A) Non-pharmacological measures:

-As with any heart failure, salt and water restriction (2-4 g/d., 2 L/d.).

-Once the severe symptoms are improved, modest exercise should be encouraged.

B) Pharmacological measures

-As with any heart failure: (Digoxin, Diuretics, VD, and Anticoagulation) are the mainstay.

-But we have to consider the safety of these drugs in pregnancy and lactation:

1-Digoxin

-It is a class C drug but presumed safe in low doses.

-In a pregnant female, the serum level should be monitored.

-Some studies claimed that digoxin for 6 m. decreases the risk of recurrence of PPCM.

2-Diuretics

-They are safe during pregnancy and lactation.

-Aim to reduce preload.

-Usually, loop diuretics are used and thiazides are used in milder cases. Spironolactone is very beneficial in heart failure but is better avoided during pregnancy.

-Should be used with caution not to induce dehydration and uterine hypoperfusion. Also, metabolic alkalosis may develop.

3-Vasodilators

-They reduce the preload and afterload in heart failure, and so increase the CO.

-Hydralazine and Nitrates are the VD of choice during pregnancy.

-ACEI and ARB are the mainstays in heart failure but they are class D, and contraindicated in pregnancy due to teratogenicity. So, they are considered after labor, but breastfeeding has to be discontinued.

4-Calcium Channel Modulators

-Calcium channel blocker: Although has –inotropic, but has been shown to improve the survival in cardiomyopathy patients. it also reduces the level of inflammatory cytokines so they would play an important in PPCM.

-Levosimendan: is especially valuable and used with success in PPCM. but again, breastfeeding should be avoided during its use.

5-Beta Blockers

-Like CCB, BB now has an important role in heart failure and they are not contraindicated in pregnancy, though associated with low birth weight.

-Both BB and ACEI have an additional role in immunosuppression and prevent remodeling and reduce ventricular dimensions.

6-Antiarrhythmic agents

-No antiarrhythmic agent is completely safe in pregnancy.

-Quinidine and Procainamide have a high safety profile, but treatment should always start in a hospital because of the high incidence of torsades de pointes.

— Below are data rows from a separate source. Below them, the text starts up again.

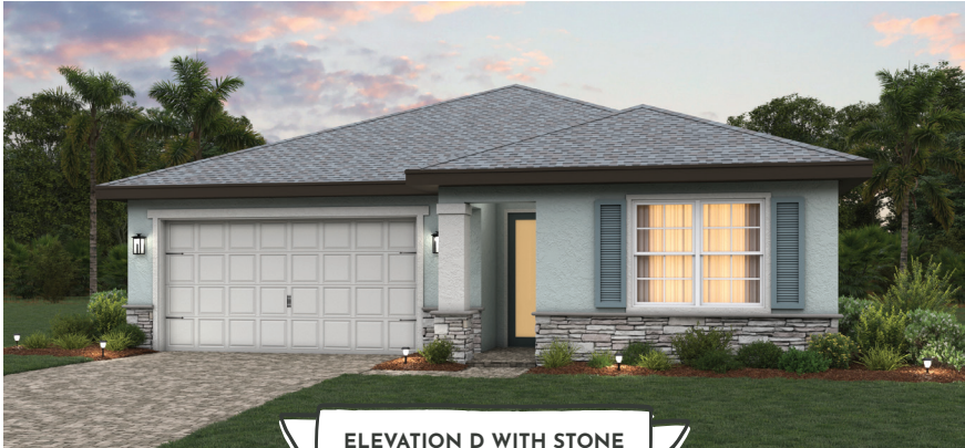
ELEVATION D WITH STONE

3 beds · 2.5 baths · 2-car garage · 1,922 sf a/c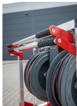
Dead man's brake (pulling)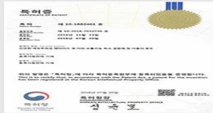
보툴리눔 독소 결합 기술 특허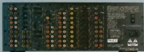
Rotel provides an RR-1050 remote control, equipped with programmable functions and an LCD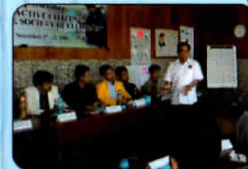
Regional Meeting 2 Padang State University Februari 2020 - Padang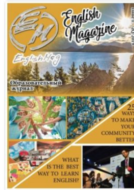
2Q/2019 Patagonia Blog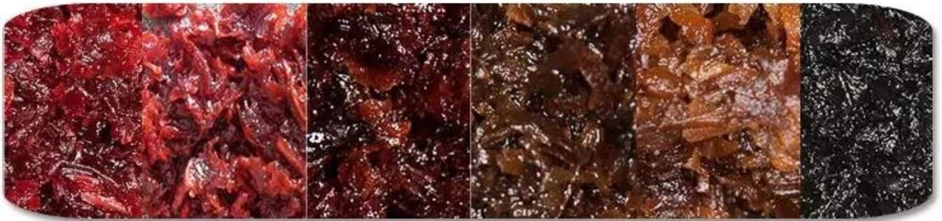
Shisha Tobacco Material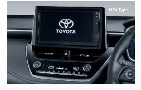
NEW 9" AUDIO DISPLAY WITH SMARTPHONE CONNECTIVITY (ALL TYPE)

Satisfy your journey with the advanced large screen display to show lots of important driving-related information with several stunning options that you can customize.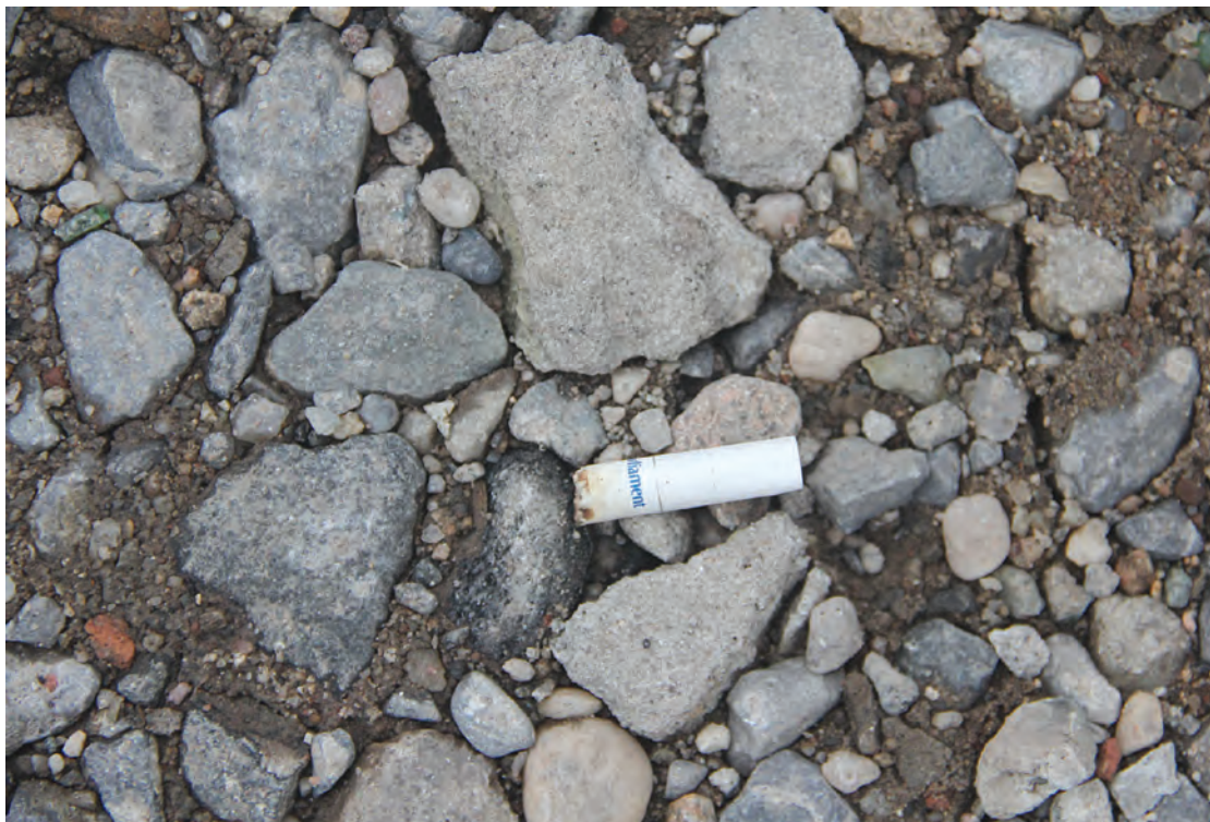
Heather Dewey-Hagborg, Sample 6-0, Stranger Visions , 2013.

-Amiodarone may cause: Hypothyroidism, Growth retardation, and Perinatal death, So it should be reserved for life-threatening arrhythmias only.

7-Anticoagulation therapy

-Anticoagulation therapy targets patients with LVEF < 35%, bedridden, Atrial fibrillation, Mural thrombi, Obese, or with a history of thromboembolism.

-The therapy may persist for as long as 6 w. in the Puerperium.

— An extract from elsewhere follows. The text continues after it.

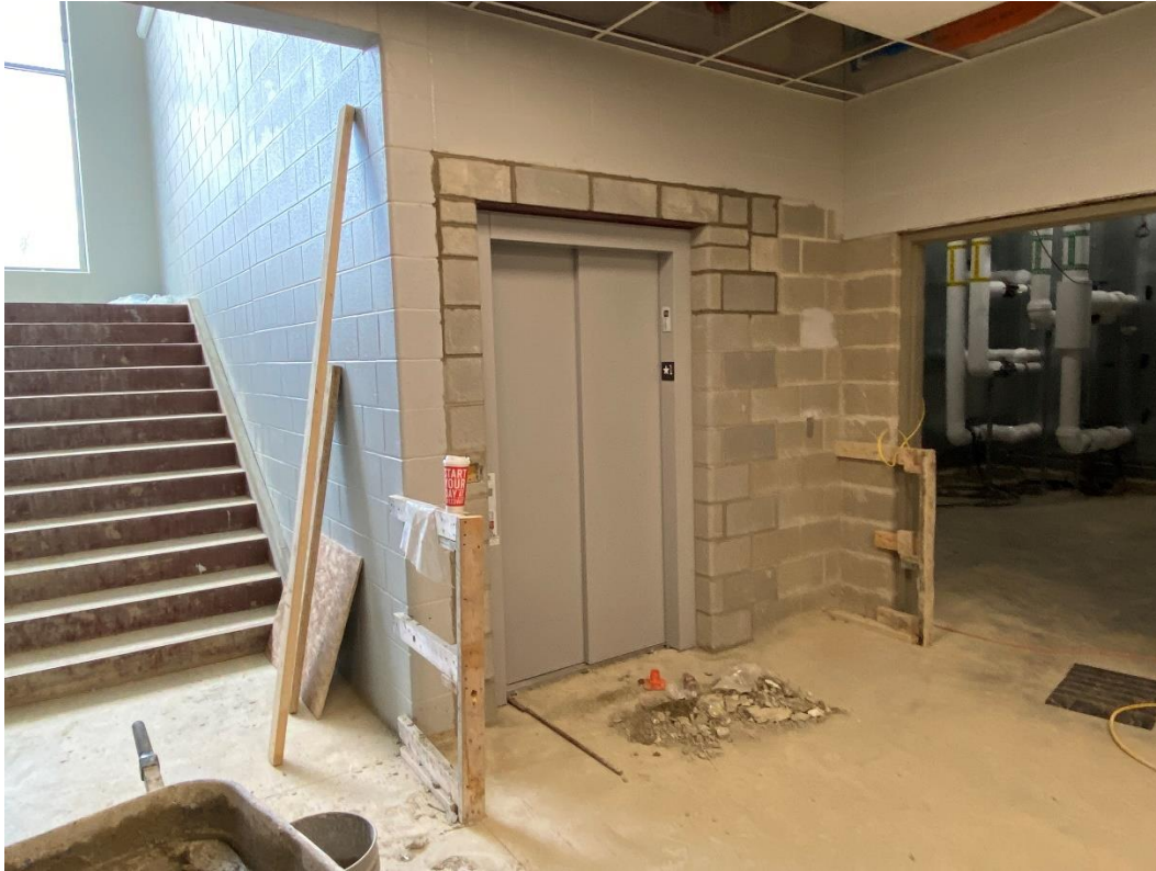
First floor elevator doors.

-Heparin is used in the antepartum and Heparin or Warfarin is used in the postpartum period as warfarin is contraindicated in the antepartum period due to its teratogenicity.

Obstetric management:

-Induction of delivery should be considered if pt. condition deteriorates despite maximal medical management.

-If the pt. is compensated, normal vaginal delivery is preferred.

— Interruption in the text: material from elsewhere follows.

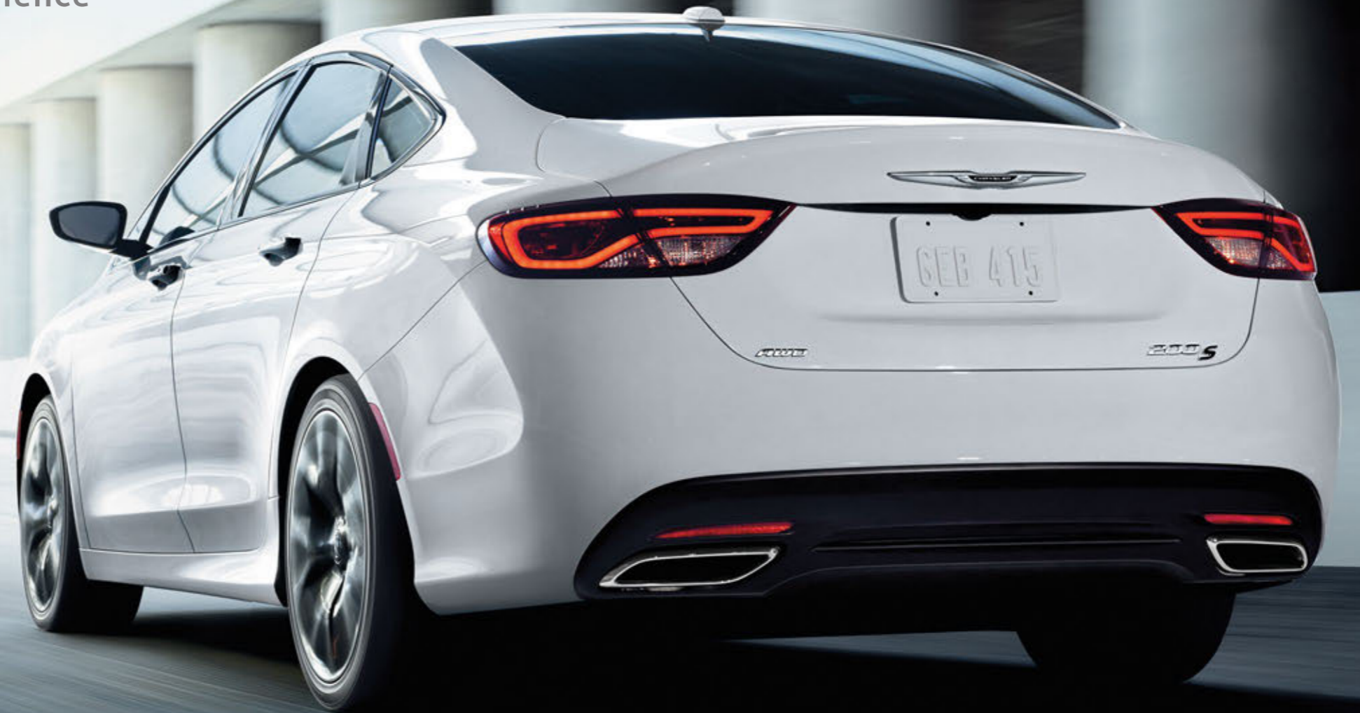
200S shown in Bright White.

-If the patient is severely decompensated or there are obstetric indications, C.S. should be done.

-In both cases, the pt. should be admitted to ICU for early detection of complications.

Anesthetic management:

A) Anesthesia for Vaginal Delivery:

-Controlled epidural a. under invasive monitoring is a safe and effective method.

-Sympathectomy induced by epidural leads to afterload and preload reduction that improves myocardial function in PPCM patients.

B) Anesthesia for Cesarean Section:

Both General anesthesia (GA) and Regional a. (RA) have been used.

1-Regional Anesthesia

-Single-shot spinal a. is not preferred, because of its rapid hemodynamic changes and hypotension.

-Epidural a. is used because of its better hemodynamic stability.

-Continuous spinal a., with its lower failure rates, faster onset, good muscle relaxation, less drug requirement, postoperative analgesia facilities, and better maintenance of hemodynamics has also been successfully applied.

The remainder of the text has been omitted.